ACLUM also opposed line item 8000-0703, authorizing the borrowing of $30 million for the purchase of Department of Corrections and Executive Office of Public Safety and Security for equipment and vehicles, and line item 8000-2024, authorizing the borrowing of $92 million for the purchase of police cruisers. (This is enough to put over $40,000 towards a new or improved car for all 2,199 Massachusetts State Police employees.)

Even without bond funds, police departments across the Commonwealth and the country are incredibly well funded. As previous ACLUM analysis of the City of Boston budget on Data for Justice shows, compared to the budgets of other Boston City departments (and cabinets), the Boston Police budget is exponentially higher than that of community focused organizations like Library, Neighborhood Development and Office of Arts and Culture. 

Why aren’t we investing in actual information technology infrastructure? 

Instead of authorizing new debt to build prisons and increase police budgets, we should be investing in information technology to support educational equity throughout the Commonwealth. In that way, this bond bill could truly reflect values we want to pass down to our children. 
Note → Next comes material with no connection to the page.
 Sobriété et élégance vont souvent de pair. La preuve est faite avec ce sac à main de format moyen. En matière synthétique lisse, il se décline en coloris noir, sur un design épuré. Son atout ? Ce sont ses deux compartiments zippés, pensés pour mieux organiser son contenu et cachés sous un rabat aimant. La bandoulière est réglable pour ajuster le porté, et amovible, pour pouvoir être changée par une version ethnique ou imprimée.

At present, the line item 1599-7064 is the only one which directly does this, authorizing $40 million to help close the digital divide for students in the Commonwealth. Certain emergency measures have been taken by school districts to enable transition to remote learning such as tablets and free access to assistive technology. However a bill that is intended to finance the general governmental infrastructure of the Commonwealth, and in particular to provide assistance to public school districts for remote learning environments, should invest in more than $40 million in state-wide digital infrastructure to permanently close the digital divide. 
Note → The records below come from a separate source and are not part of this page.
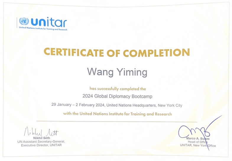 近日,qmh官网23级国际经济与贸易(中外合作办学)学子孙文喆和王轶鸣赴纽约联合国总部参加了为期一周的联合国训练研究所青少年国际组织实训团,并已顺利回国。该项目由联合国训练研究所纽约办事处(UNITAR New York)主办,邀请拥有丰富联合国任职经验的外交官、国际组织专家及相关领域的学者授课,围绕联合国可持续发展目标SDG10“减少不平等”和SDG13“气候行动“,并以国际实际问题为语境,通过模拟多边外交谈判让学生感受真实的外交场景,进而深化对于多边外交和国际交流合作的认识,提升学生的人文素养、国际视野、跨文化沟通能力、英语交流能力以及综合素质。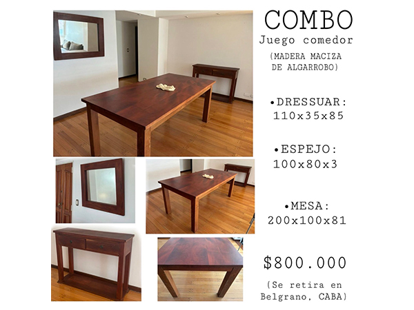 Juego de living: Mesa+espejo+recibidor Impecable estado. Madera maciza. Todo $800.000 Tengo más fotos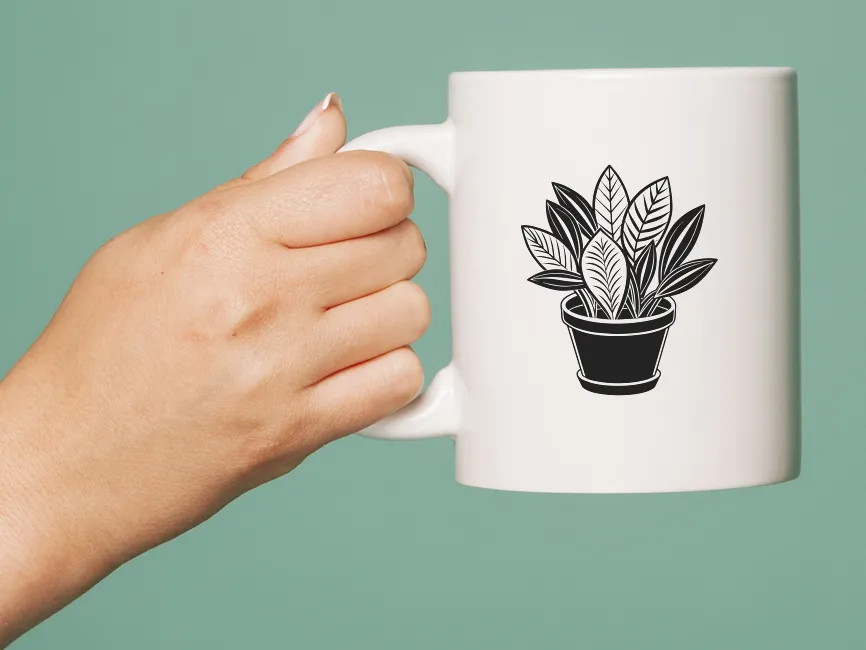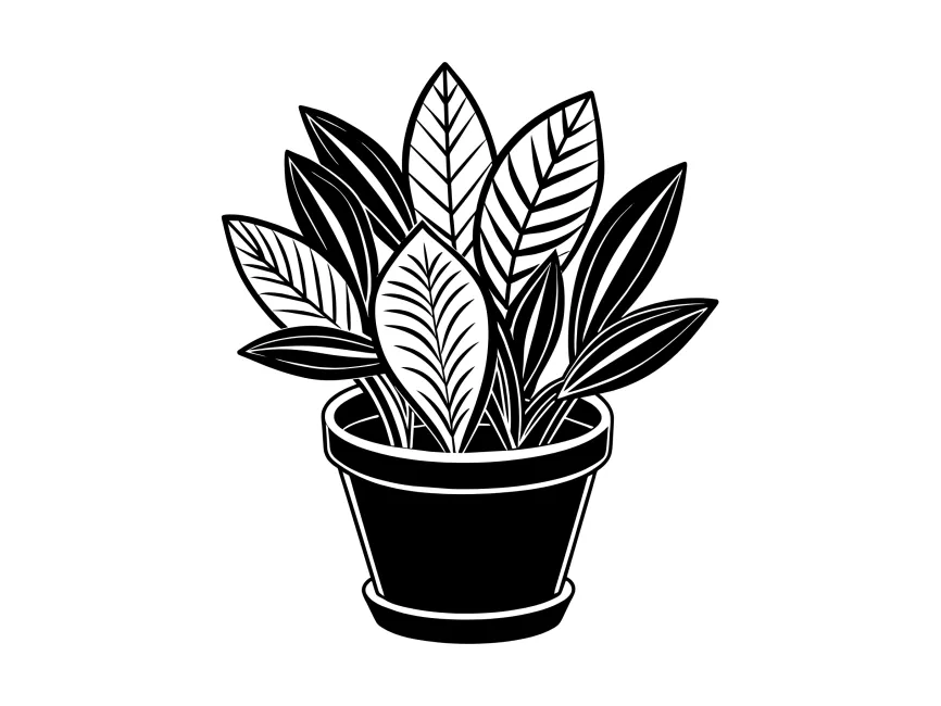 This black and white vector design features a detailed potted plant with lush, intricately drawn leaves, creating a striking monochrome aesthetic. The combination of bold black fills and crisp white outlines adds depth and visual appeal, making it perfect for modern, minimalistic, and decorative design projects.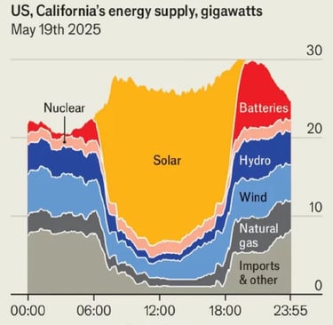 你知道嗎?加州有一整天幾乎一半的用電來自太陽 2025年5月17日,美國加州電力調度中心(CAISO)公布了一項引人注目的資料:在當天整個電網的供電結構中,光伏(太陽能)與儲能合計供應了將近 50% 的總用電量。這不僅是一個數字,更是一個強烈的訊號:再生能源正快速改變傳統發電邏輯,對電力市場與能源政策帶來前所未見的壓力與挑戰。 那麼,當大量太陽能上網,電網真的比較綠、更穩定、也比較便宜嗎?答案沒有想像中簡單。 我們必須誠實問一個問題: 這不是科技落後,也不是資源不足。那問題出在哪裡? 答案是制度與政治的雙重失能。 能源轉型,在台灣,不只是科技工程,它是一場政策協調、行政整合與政治共識的系統戰。而我們在這場戰爭中,幾乎是「從頭打輸到底」。 但實情是: 再多的綠電,沒有儲能,都是白搭。 離峰多、尖峰少,不穩定、不可控——這就是再生能源的宿命。而儲能,是打破這個宿命的關鍵角色。 問題是,台灣的儲能產業,正在一條看不見的封路上停擺。 再不處理,儲能不僅會成為轉型破口,更會成為 全國電力供應的未爆彈。 但真相是——很多建好的綠能,根本發不出電來。 問題不在風,不在太陽,而是我們的電網系統「撐不住」這些電。

What exactly do we need to invest in? 

Data from the United States Census American Community Survey show that about 8% of households either do not have a computer, or if they do, do not have access to the internet at all. Furthermore, more than 1 million Massachusetts residents (> 15%) do not have a fixed broadband internet connection. 

As reported in a previous analysis by the ACLU of Massachusetts, lower rates of internet access or broadband correlate with lower income, both in terms of macroscopic geography (e.g. southern and western Massachusetts), and low-income neighborhoods within cities. 8 cities in Massachusetts have at least 30% of households without cable, DSL or fiber Internet subscriptions in 2018 - Fall River, Springfield, Lowell, Lawrence, Worcester, Lynn, New Bedford and Brockton. 

Taking a closer look at Brockton for example: of the households in the lowest two income categories, less than 50 percent have broadband internet access. This is similar to the pattern of better connected cities such as Newton. Here too, about 50 percent of households in the lowest two income categories do not have broadband. Thus from the perspective of a household, one's income is a stronger indicator of access to the internet, even if one is living in an area which generally has robust high speed internet connectivity. 

Divest - Reinvest 

Bond bill H.4733 singles out certain cities for specific projects. Brockton, for example, is slated to get $2,000,000 for enhanced security camera systems at public housing buildings Campello and Sullivan towers. Instead of investment in broadband, Lawrence, which ranks 28th on the list of 623 worst connected cities in the country, is going to get $2,500,000 for police cruiser technology.Thankfully Springfield, ranked 24 on that list, is slated to get $7,500,000 for a citywide fiber network. 

Beyond Education Commissioner Jeff Riley’s testimony on the need of $50 million for remote elementary and secondary education, State and community colleges are in dire need of funding as well. The community colleges’ chief financial officers recently tallied the costs of additional information technology at nearly $17 million.

Rather than expanding the racist carceral state, we should use this Bond Bill to create equitable digital infrastructure to even out the playing field for the future generation.